2019 – As tensões comerciais entre China e EUA: O ano de 2019 foi um ano fantástico para os investidores, mas o seu verão ficou marcado pelo regresso em força da volatilidade e turbulência aos mercados financeiros. Na base desta agitação, que culminou em variações intra diárias dos principais índices bolsistas mundiais expressivas e polarizadas, estiveram fatores como o agravar das tensões comerciais entre EUA e China, a divulgação de dados macroeconómicos menos positivos e ainda uma vaga renovada de políticas monetárias expansionistas, implementadas pela generalidade dos bancos centrais mundiais que acabaram por animar as bolsas durante os meses mais quentes do ano!
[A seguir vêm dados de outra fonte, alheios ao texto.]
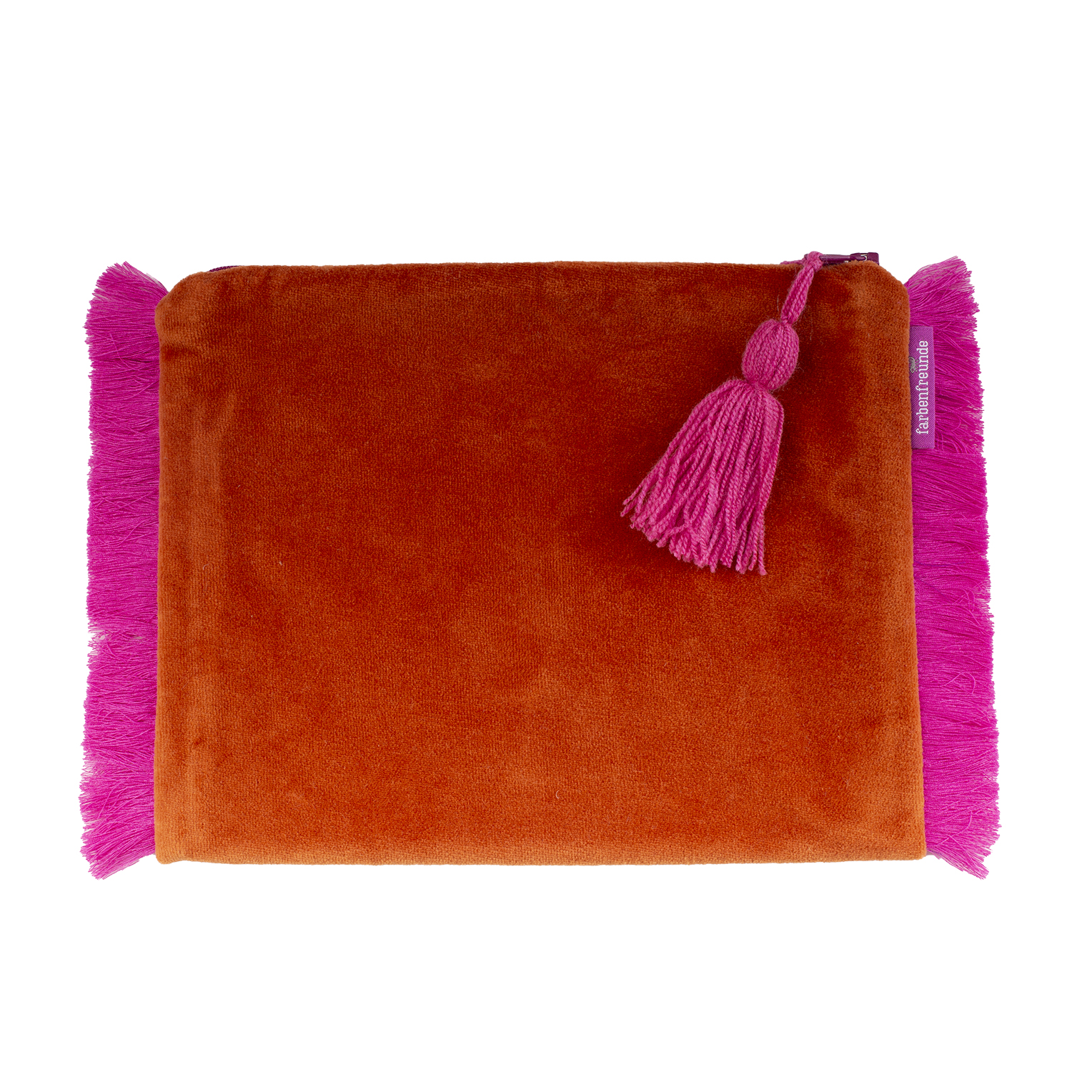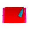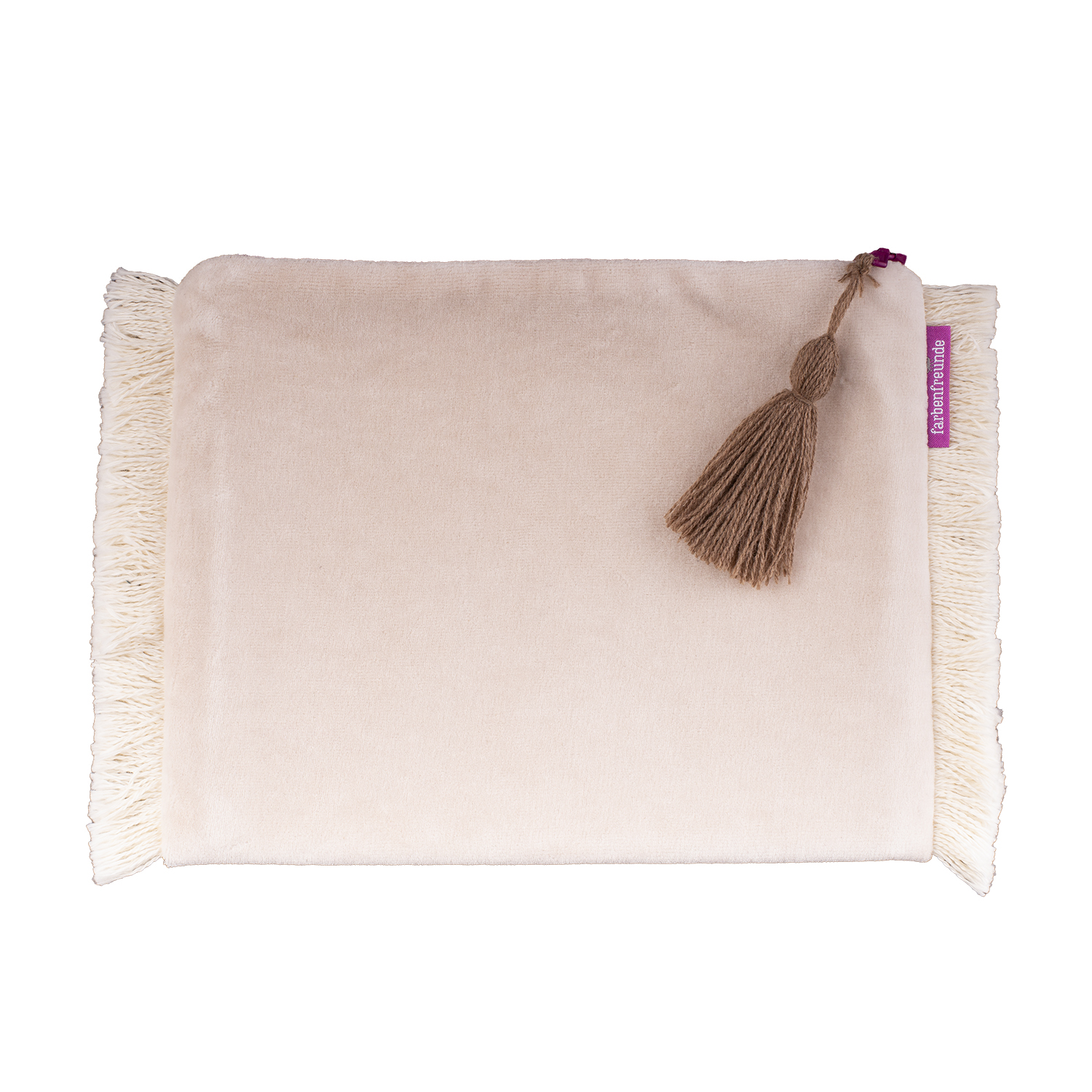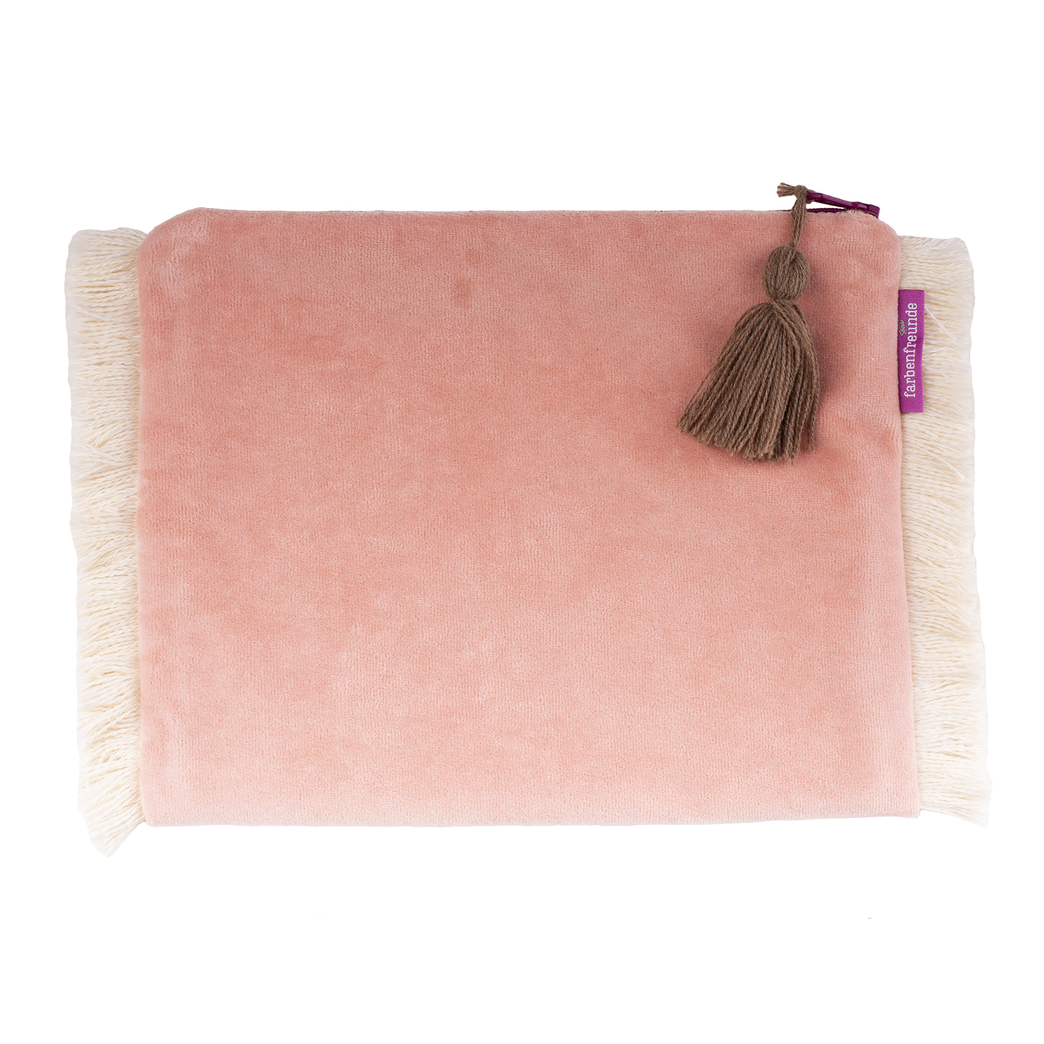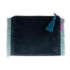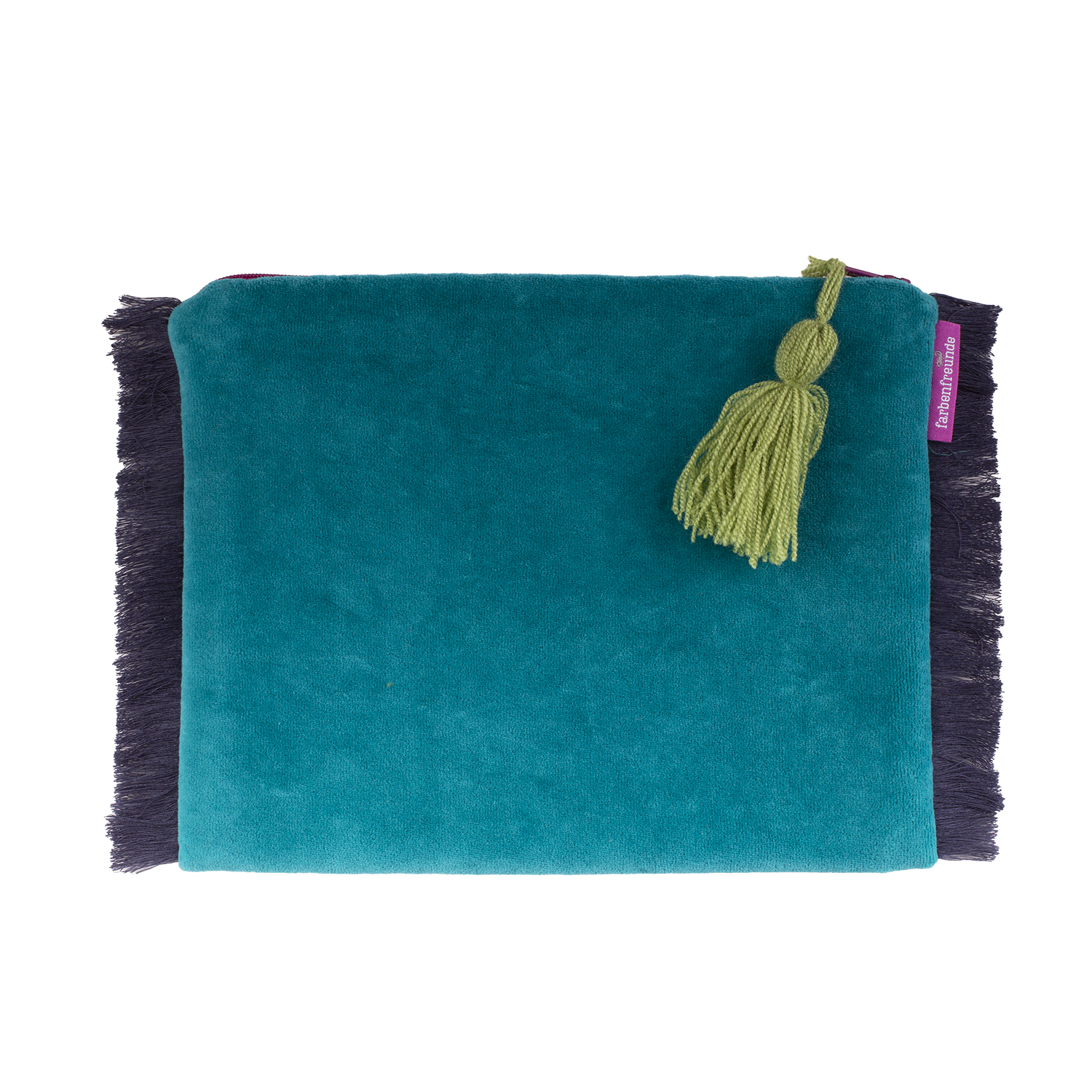Die Tasche ist außen aus weichem Nicky und innen mit schwarzen stabilen Kanvas gearbeitet. Besondere Akzente setzt die farbige Fransen Bordüre und eine Troddel in Kontrast Farbe.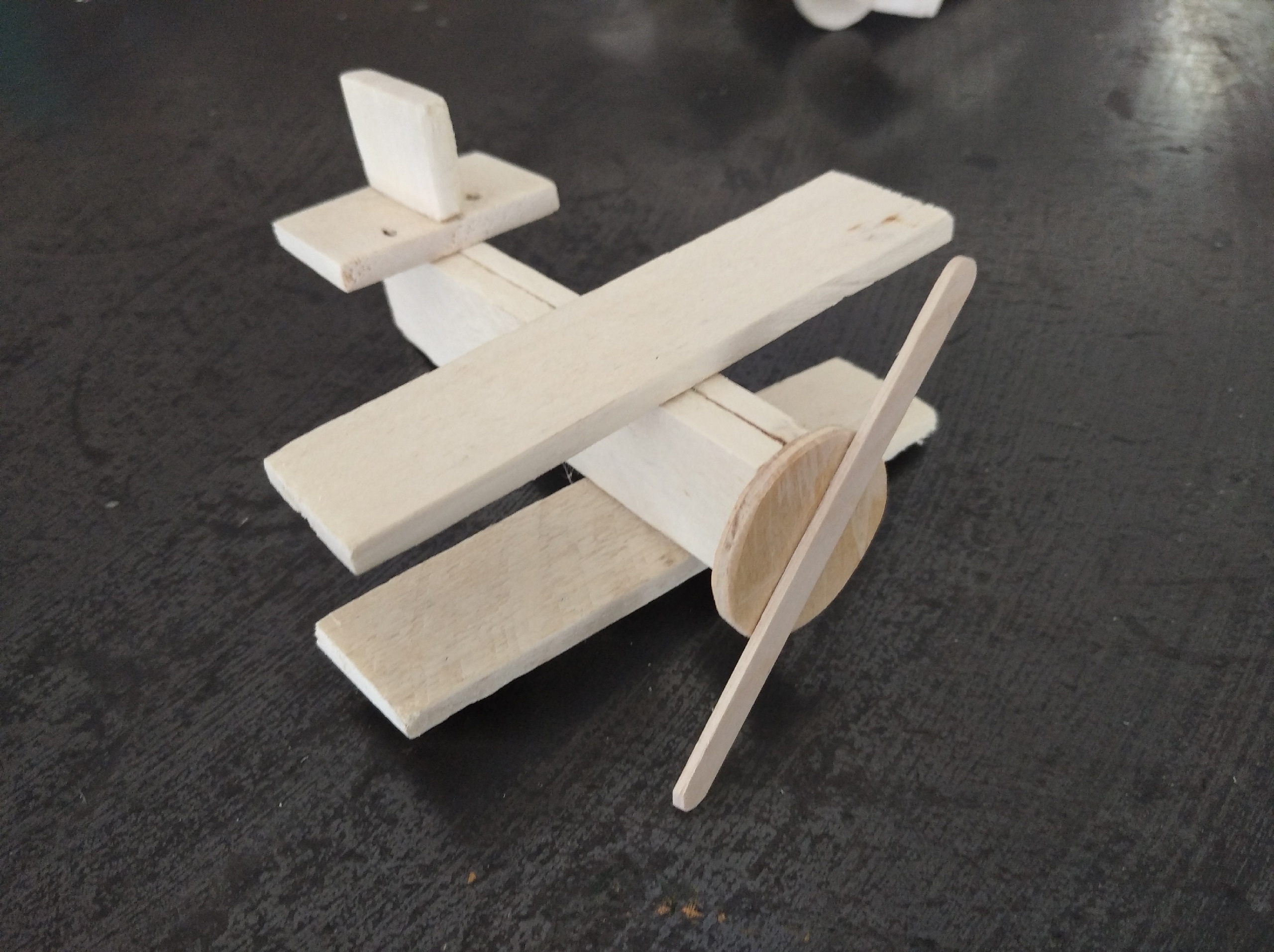 Самолет выполнен из древесины, размер самолета 15 см, покрытие - акриловый лак.Данные участника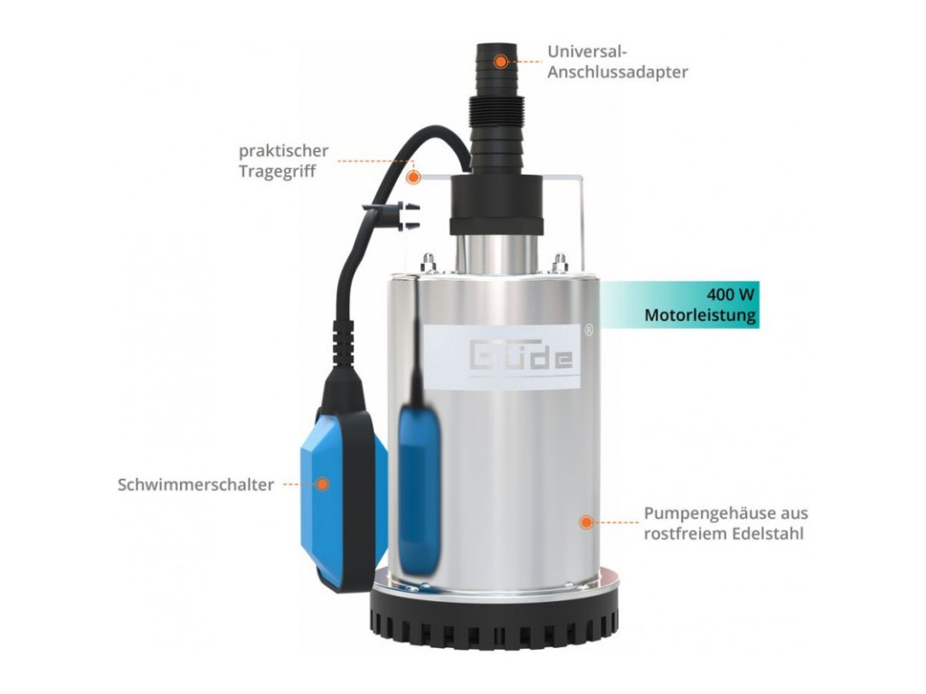 Ponorné čerpadlo na vodu s plytkým saním. Variabilne nastaviteľný plavákový spínač pre automatické zapnutie čerpadla. Plášť z nehrdzavejúcej ocele, obežné koleso z norylu. Tepelná ochrana chráni čerpadlo pred prehriatím, rukoväť na prenášanie, 10 m prípojný kábel. Na odvodnenie pivníc pri zaplavení, pri presakovaní podzemnej vody, na zavlažovanie záhrad, na čerpanie z nádrží a cisterien.

2020 - ?? Depois de uma primeira metade de um ano histórica e repleta de turbulência, será agosto de 2020 também marcado por semanas tórridas a nível bolsista ou tal como ocorreu em 2016 com o Brexit teremos um verão marcado pela bonança?  Existem vários eventos que podem potencialmente ser disruptivos e contribuir para uma maior agitação: o aproximar das eleições presidenciais norte-americanas de novembro; a própria evolução da pandemia quer pelo risco de uma segunda vaga quer pelas consequências económicas, políticas e sociais; a resposta política a esta crise (particularmente relevante na Europa onde ainda não existe um acordo); risco de agitação a nível social / convulsão social devido ao aumento do desemprego / pobreza quer na Europa quer nos EUA, mas particularmente em países emergentes onde os sistemas de apoio social são inexistentes / mais frágeis.

 

Teremos uma “silly sick season” ou apenas uma “silly crazy season” animada pelo desconfinamento?! Seja qual for a resposta, a prudência aconselha uma atitude particularmente vigilante nas próximas semanas!